La même chose était vraie de la reine. Combien de fans de rock qui ont emballé des stades pour les voir jouer «We Are the Champions» savaient que le chanteur héroïque n'était pas seulement un dieu du rock, mais aussi une fabuleuse icône queer? Pas beaucoup.

Dans les 1980, Mercury abandonna son look glam rock et se coupa les cheveux dans un style populaire dans la sous-culture gay, enfilant une veste en cuir noir et arborant une magnifique moustache enviable. Beaucoup de fans l'ont détesté. Aux Etats-Unis, ils ont jeté des rasoirs sur scène.

Personne à blâmer sauf lui-même?

Quand Mercury est mort à 1991, ses compagnons de groupe ont jugé nécessaire de faire une interview télévisée contester ce que les médias disaient - que Mercure avait attrapé le sida avec sa fête décadente.
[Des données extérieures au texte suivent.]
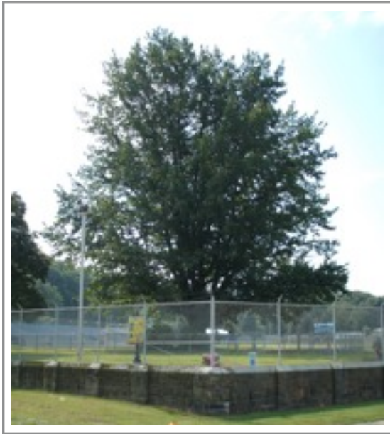
John Woodruff Oak Tree, Connellsville

1. Ernie Davis Birthplace (December 14, 1939 – May 18, 1963) (2, 5) Main Street at Mill Street New Salem, PA 15468 Football Player Ernie Davis became the first African American to win the Heisman Trophy in 1961. Born in New Salem, he spent part of his boyhood years in Uniontown, where he lived with his grandparents until relocating to Elmira, New York, to live with his mother and stepfather. Davis was the number one pick by the Cleveland Browns for the 1962 National Football League draft. He was diagnosed with acute monotypic leukemia on July 30, 1962. He died on May 18, 1963, and was mourned by the nation. Though Ernie never played a game for the Browns, they retired his number 45, which he wore only in practice. Both houses of U.S. Congress eulogized Davis. In Elmira, more than 10,000 citizens passed the house where he lay in state.
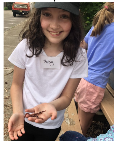
Happy worms in the compost. Happy kids at camp!
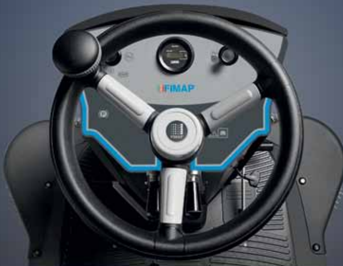
Instrument panel (Basic H version)

The brushes (central and side) are easily moved with the aid of 2 levers
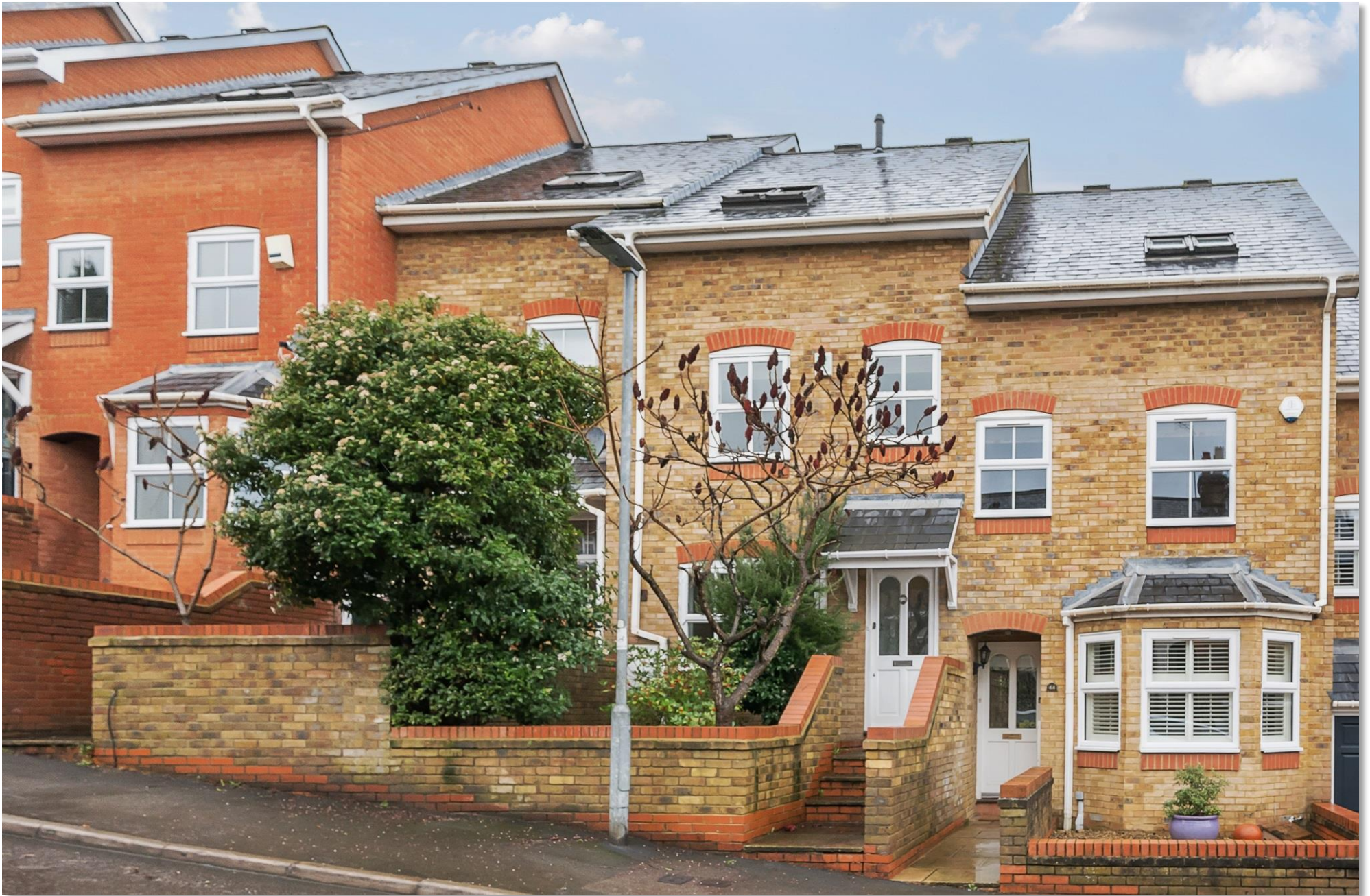
Cross Oak Road, Berkhamsted HP4 3HZ
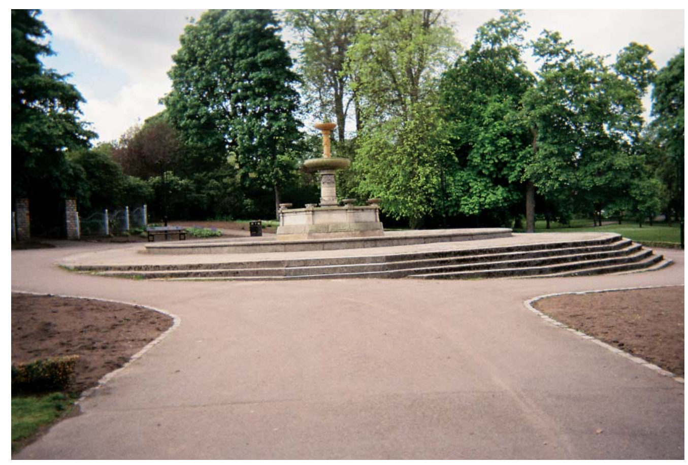
Fountain Victoria Park
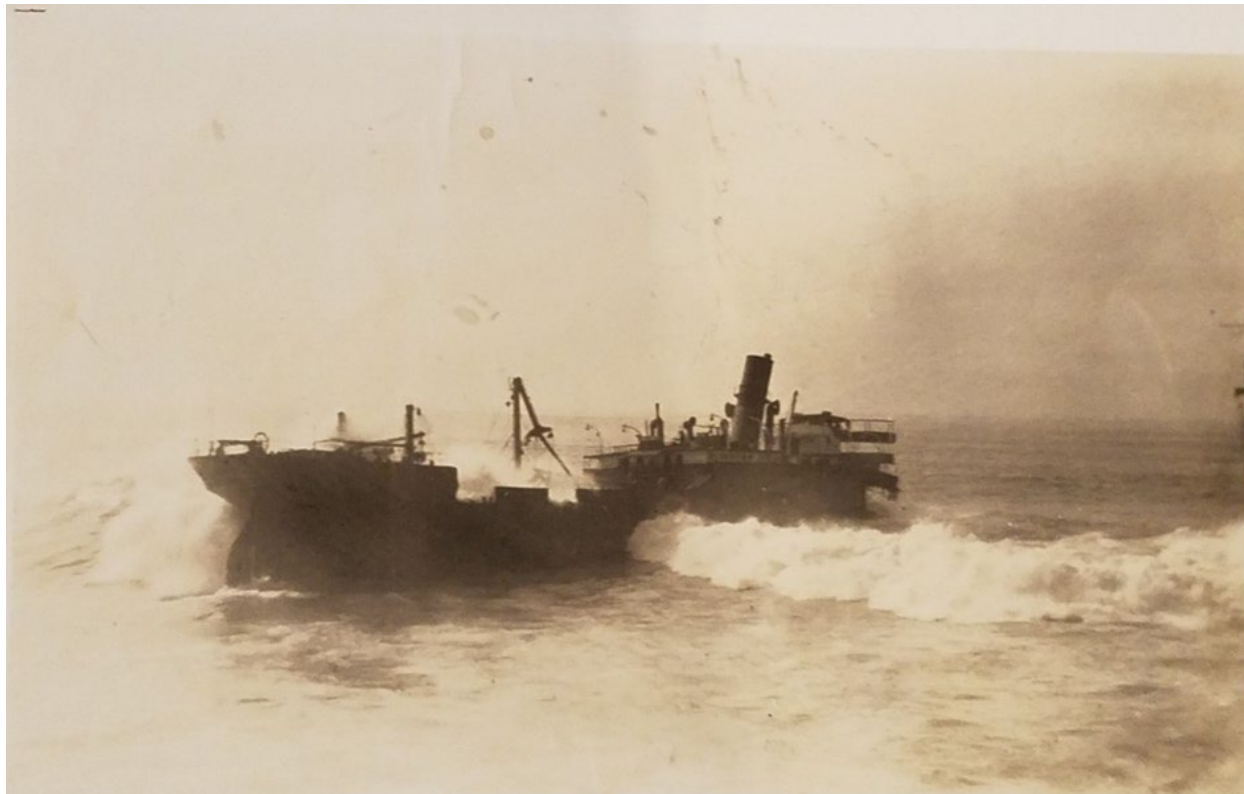
Figure 4 NORLINA breaking up in Gerstle Cove, 1926.
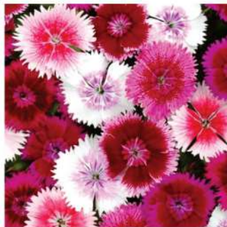
Sweet William Mix
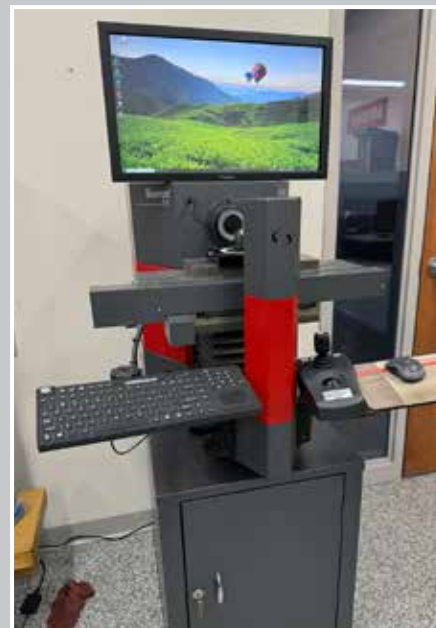
HDV 400 Horizontal Digital Comparator

Les membres du groupe de Freddie Mercury tentent de mettre les choses au clair.

Le film laisse également entendre que la débauche de Mercury était à blâmer pour son destin.

Dans le film, Mercury abandonne le groupe pour faire un album solo à Munich avec son petit ami diabolique, qui l'attire dans un monde queer louche. Son ex-petite amie le sauve et il retourne au groupe. Mais à ce moment-là, il est trop tard: il est séropositif.

Dans la vraie vie, Mercury n'a pas séparé le groupe, il n'a pas été le premier du groupe à faire un album solo et, bien sûr, faire la fête ne cause pas le sida.

J'espère qu'un jour, quelqu'un fera un meilleur biopic sur Freddie Mercury, un biopic qui décrit avec précision le moment historique dans lequel il a vécu et les défis auxquels il a été confronté. Il le mérite.La Conversation

A propos de l'auteur

Laurie Marhoefer, Professeur agrégé d'histoire, Université de Washington

Cet article est republié de La Conversation sous une licence Creative Commons. Lis le article original.